▶ **What needs to be done**
Without the pictures, print the lines running from the beginning of the material to the line containing "Lực lượng chức", both ends included.

▶ **Task input**

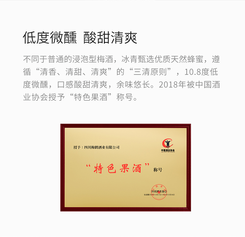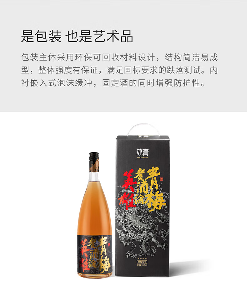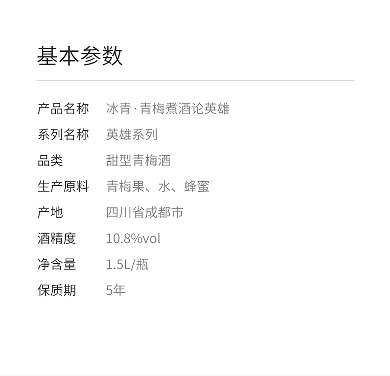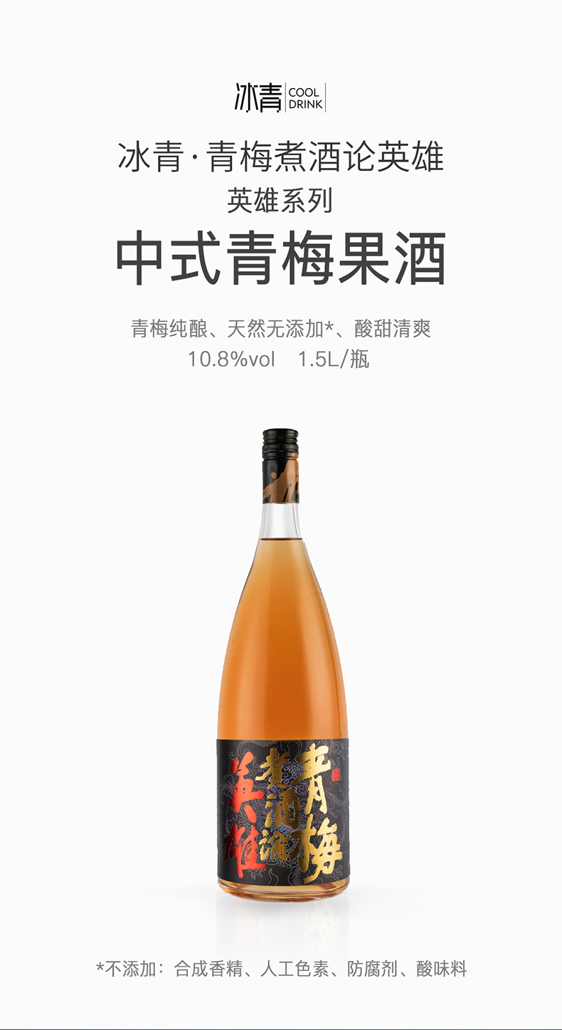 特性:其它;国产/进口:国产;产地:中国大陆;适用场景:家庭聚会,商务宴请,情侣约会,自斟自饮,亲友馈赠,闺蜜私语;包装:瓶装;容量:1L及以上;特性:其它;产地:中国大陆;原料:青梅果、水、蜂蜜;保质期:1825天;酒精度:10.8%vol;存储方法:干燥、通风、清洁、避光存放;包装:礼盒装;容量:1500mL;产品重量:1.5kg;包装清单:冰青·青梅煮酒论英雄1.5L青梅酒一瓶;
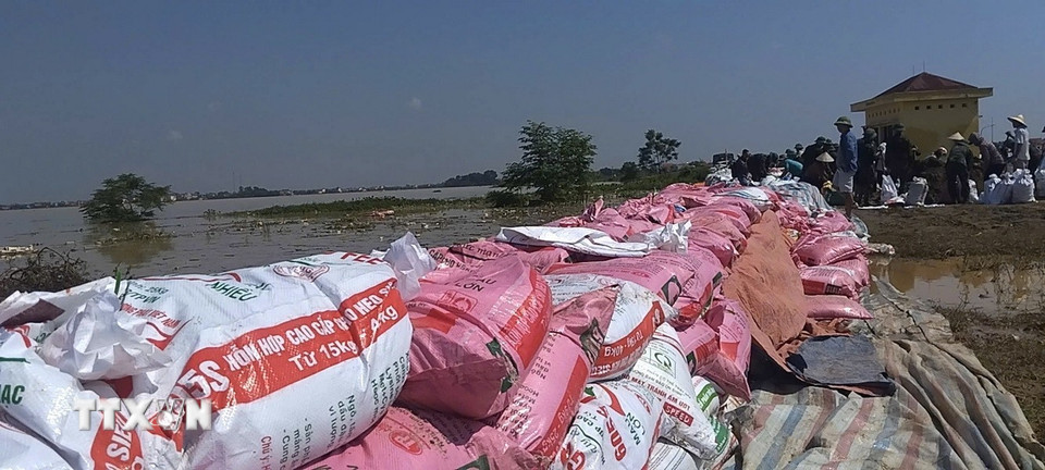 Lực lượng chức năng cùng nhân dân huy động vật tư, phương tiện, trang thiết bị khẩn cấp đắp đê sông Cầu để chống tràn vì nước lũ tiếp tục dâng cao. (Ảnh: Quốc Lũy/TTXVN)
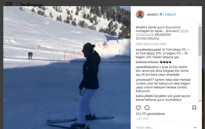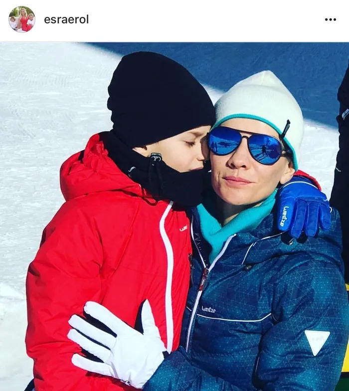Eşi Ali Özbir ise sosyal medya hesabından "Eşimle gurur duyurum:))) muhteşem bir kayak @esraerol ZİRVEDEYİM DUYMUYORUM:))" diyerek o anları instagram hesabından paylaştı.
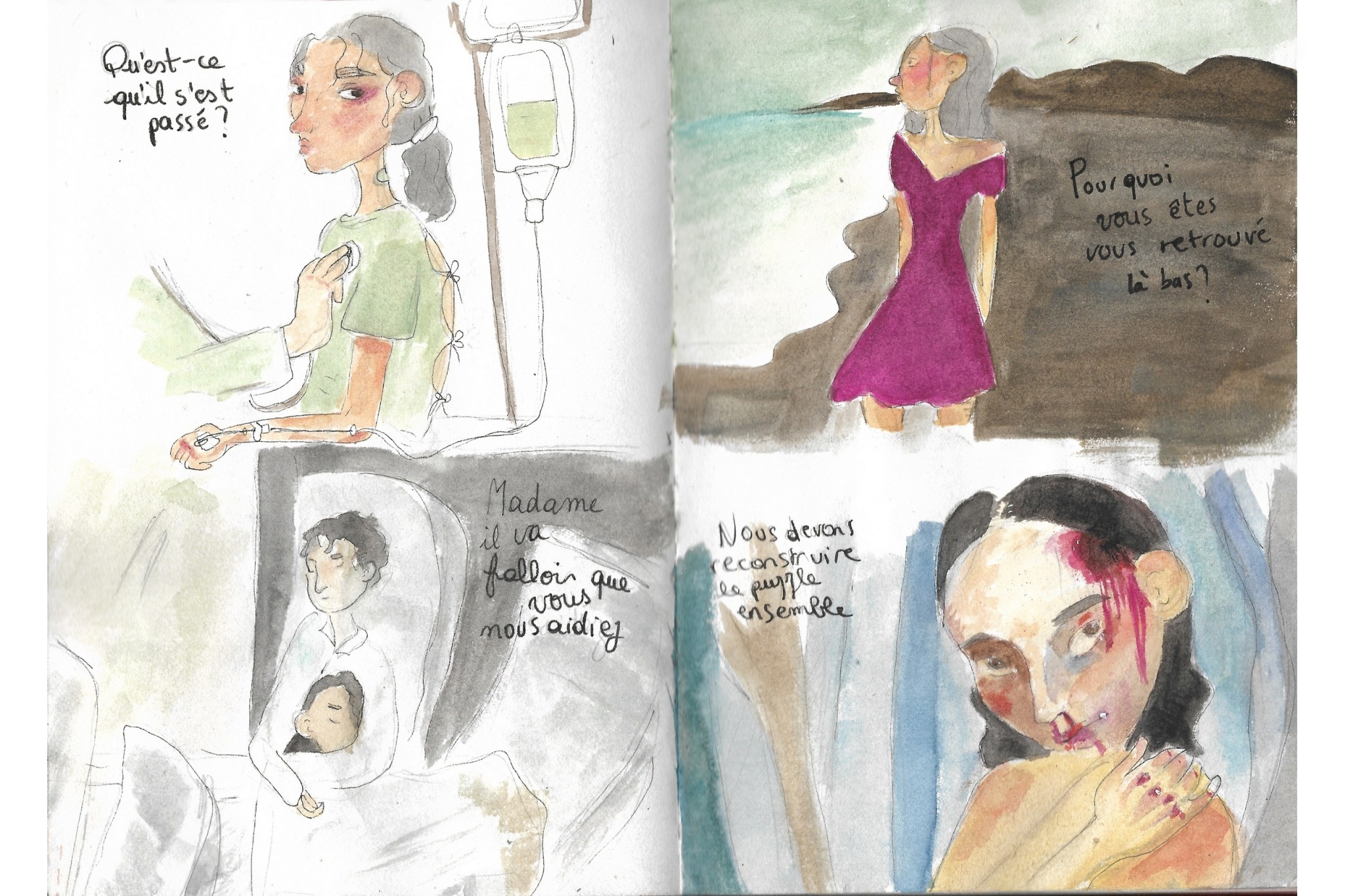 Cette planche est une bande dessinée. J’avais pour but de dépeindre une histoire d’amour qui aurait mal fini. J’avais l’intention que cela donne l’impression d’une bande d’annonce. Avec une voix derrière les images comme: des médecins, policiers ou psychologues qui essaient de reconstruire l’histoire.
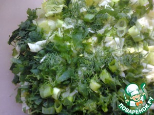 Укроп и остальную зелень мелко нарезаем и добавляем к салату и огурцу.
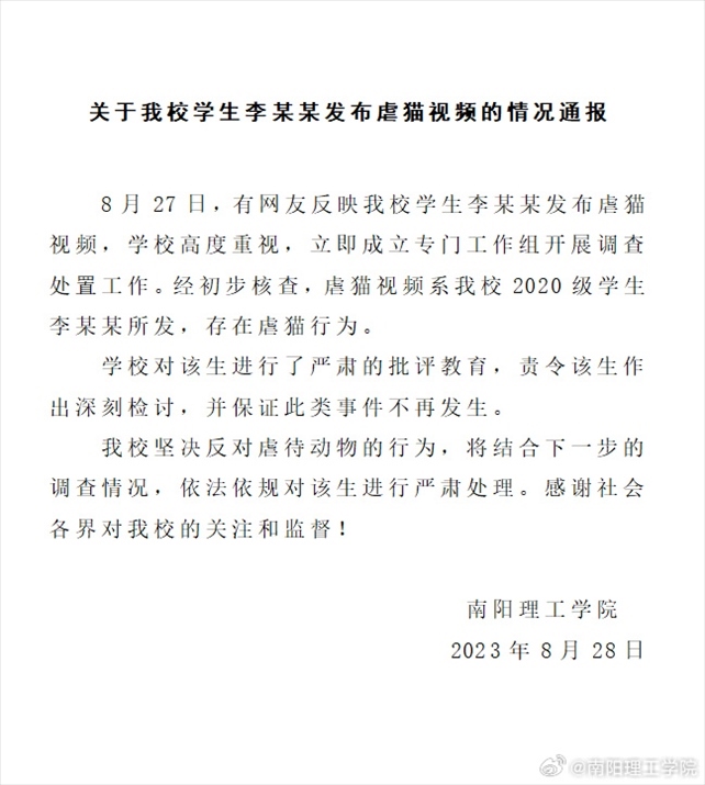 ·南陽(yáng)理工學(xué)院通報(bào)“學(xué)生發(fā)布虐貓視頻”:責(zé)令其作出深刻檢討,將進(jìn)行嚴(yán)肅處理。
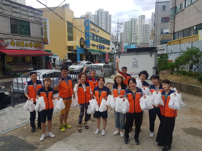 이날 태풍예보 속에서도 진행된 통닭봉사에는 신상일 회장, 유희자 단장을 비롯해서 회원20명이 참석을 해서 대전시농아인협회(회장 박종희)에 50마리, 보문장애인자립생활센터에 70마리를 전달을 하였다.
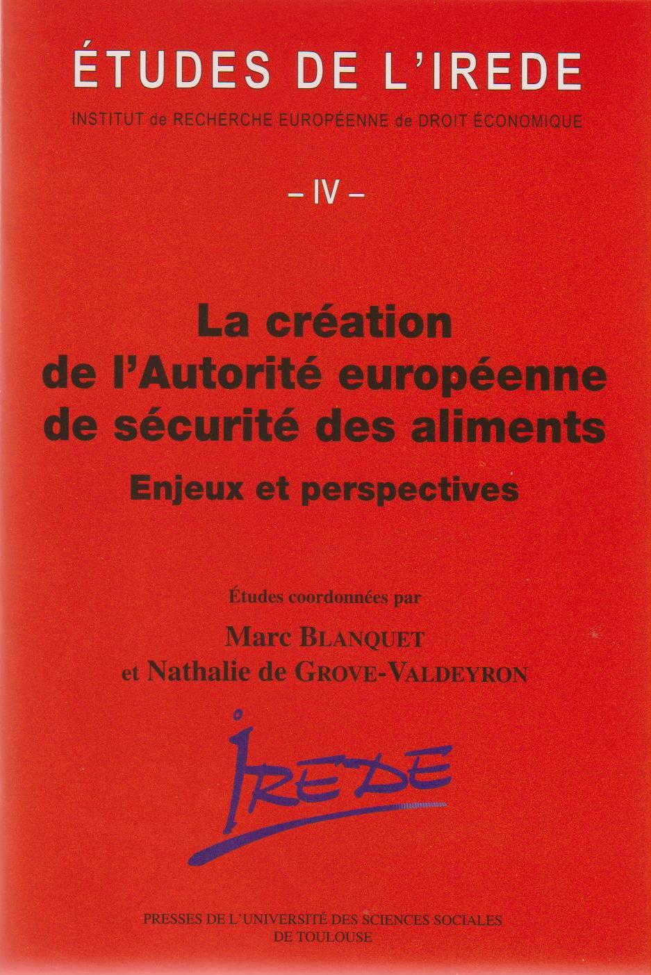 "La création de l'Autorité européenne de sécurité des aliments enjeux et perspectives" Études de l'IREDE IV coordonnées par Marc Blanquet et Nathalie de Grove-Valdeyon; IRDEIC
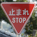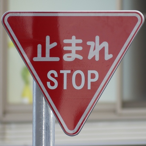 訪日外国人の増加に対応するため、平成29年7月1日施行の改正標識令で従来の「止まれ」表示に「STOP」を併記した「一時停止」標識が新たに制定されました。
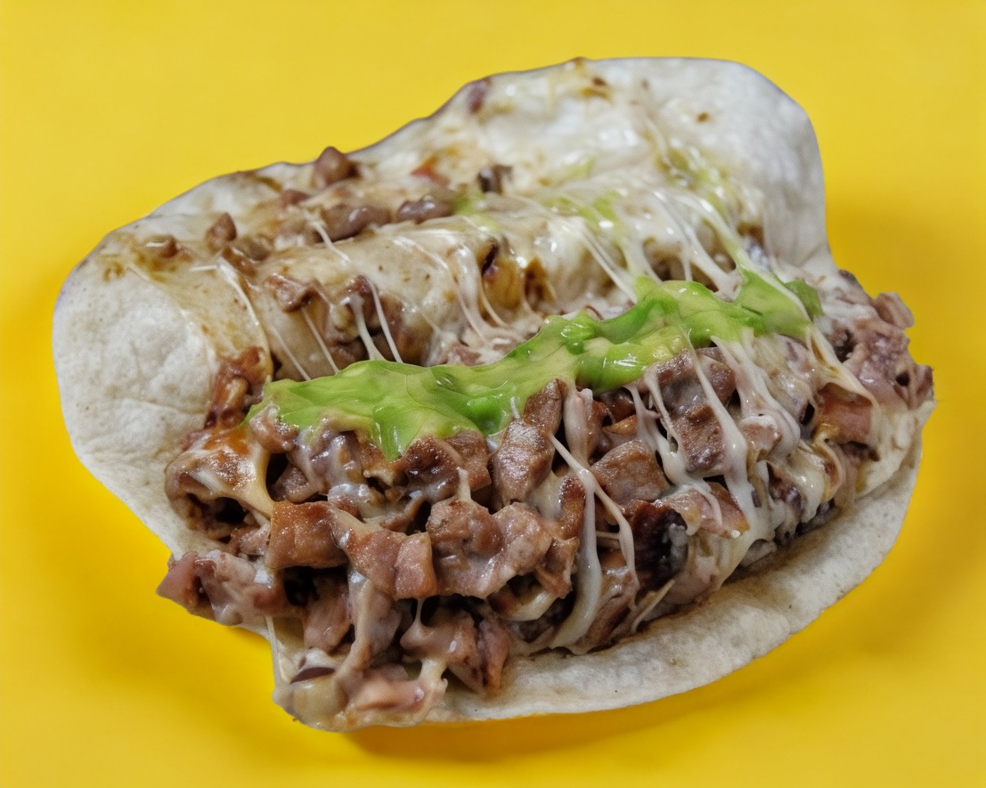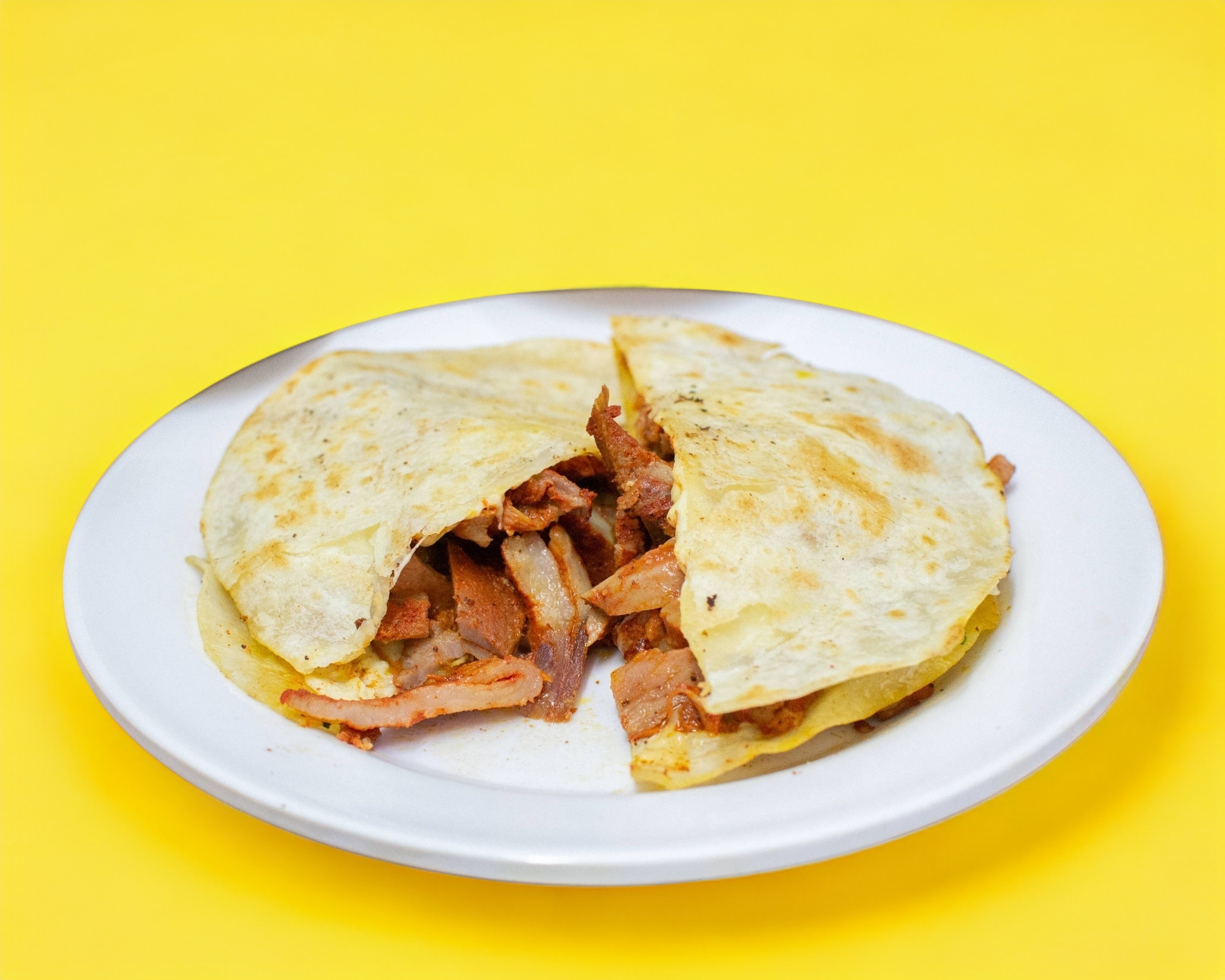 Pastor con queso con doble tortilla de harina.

▶ **Exercise response**
 特性:其它;国产/进口:国产;产地:中国大陆;适用场景:家庭聚会,商务宴请,情侣约会,自斟自饮,亲友馈赠,闺蜜私语;包装:瓶装;容量:1L及以上;特性:其它;产地:中国大陆;原料:青梅果、水、蜂蜜;保质期:1825天;酒精度:10.8%vol;存储方法:干燥、通风、清洁、避光存放;包装:礼盒装;容量:1500mL;产品重量:1.5kg;包装清单:冰青·青梅煮酒论英雄1.5L青梅酒一瓶;
 Lực lượng chức năng cùng nhân dân huy động vật tư, phương tiện, trang thiết bị khẩn cấp đắp đê sông Cầu để chống tràn vì nước lũ tiếp tục dâng cao. (Ảnh: Quốc Lũy/TTXVN)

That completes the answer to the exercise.